La potion amère du FMI
En outre, il était prié de donner son sentiment sur les risques de troubles sociaux consécutifs à la suppression des subventions sur les produits de base; comme le pain, et le gel de la masse salariale. Ainsi, M. Mechichi argue qu’il « n’y aura pas de suppression des subventions; mais un meilleur ciblage en faveur des personnes qui méritent d’être aidées. Dans tous les pays du monde, les aides sociales vont aux personnes nécessiteuses ».
« Moi, je n’ai pas besoin que l’État subventionne mon pain. Le coût social sera plus important si le pays sombre dans la faillite. Ma responsabilité est de stopper cette chute. Je ne cherche pas la popularité et je n’appartiens à aucun parti, cela me donne une liberté pour décider ce qui est nécessaire pour le pays. Quand on est malade, on doit prendre le médicament, même si le sirop ne nous plaît pas ». Ainsi, soulignait-il avec vigueur. Quant à affirmer qu’il est un homme libre et qu’il n’appartient à aucun parti, l’argument est discutable.

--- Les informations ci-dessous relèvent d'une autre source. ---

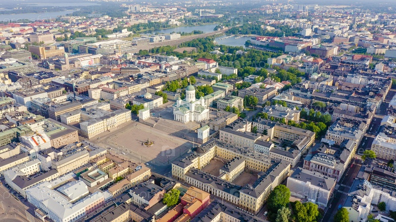Хельсинки, Финляндия. Вид с воздуха на центр города. Хельсинкский собор. Сенатская площадь, От Дрона

Tellement il a les mains liées par son alliance avec son « coussin politique » composé essentiellement du parti islamiste d’Ennahdha.

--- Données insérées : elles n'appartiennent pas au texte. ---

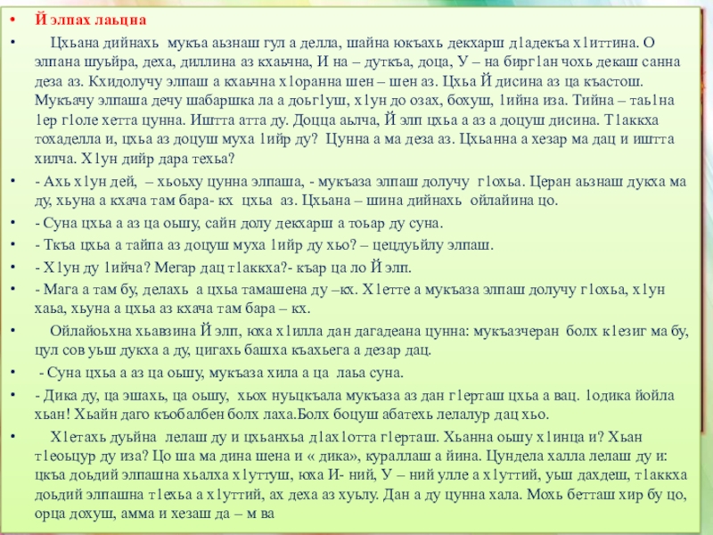 - Ахь х1ун дей, – хьоьху цунна элпаша, - мукъаза элпаш долучу г1охьа. Церан аьзнаш дукха ма ду, хьуна а кхача там бара- кх цхьа аз. Цхьана – шина дийнахь ойлайина цо.

Situation épidémique « préoccupante » indique Hichem Mechichi
Par ailleurs, M. Mechichi était interpelé sur la lenteur de la vaccination et la situation épidémique en Tunisie. « La situation nous préoccupe. Je considère la vaccination comme la meilleure solution. C’est très difficile de continuer avec les mesures de confinement et autres qui ont un coût très cher. L’idée est d’augmenter le rythme des vaccinations. Nous avons tout mis en place en matière de logistique (centres dédiés, personnels…). Il reste le problème de la disponibilité des vaccins. Nous sommes en discussion avec l’OMS. Nous travaillons également avec des laboratoires pour effectuer les finitions des vaccins, comme l’emballage, ici pour la consommation locale puis l’export ». Ainsi, concluait le chef du gouvernement tunisien
Guerre ou guéguerre?
Enfin, interrogé par le journaliste du Figaro sur « la véritable guerre » que se livrent la présidence de la République, le Parlement et son propre cabinet, Hichem Mechichi a tenu à relativiser ce propos qu’il juge excessif. « Le terme « guerre » est un peu fort. C’est une situation assez particulière. Nous assistons à des premières. C’est propre à toutes les transitions démocratiques qui nécessitent un temps d’adaptation. Le gouvernement a reçu une large confiance du Parlement. Mais il y a des interprétations constitutionnelles diverses. Malgré cela nous assumons nos responsabilités. La première étant de sauver le pays. Toutes les institutions du pays doivent nous rejoindre dans cette démarche ». Ainsi, concluait M. Mechichi lors de cet entretien-fleuve.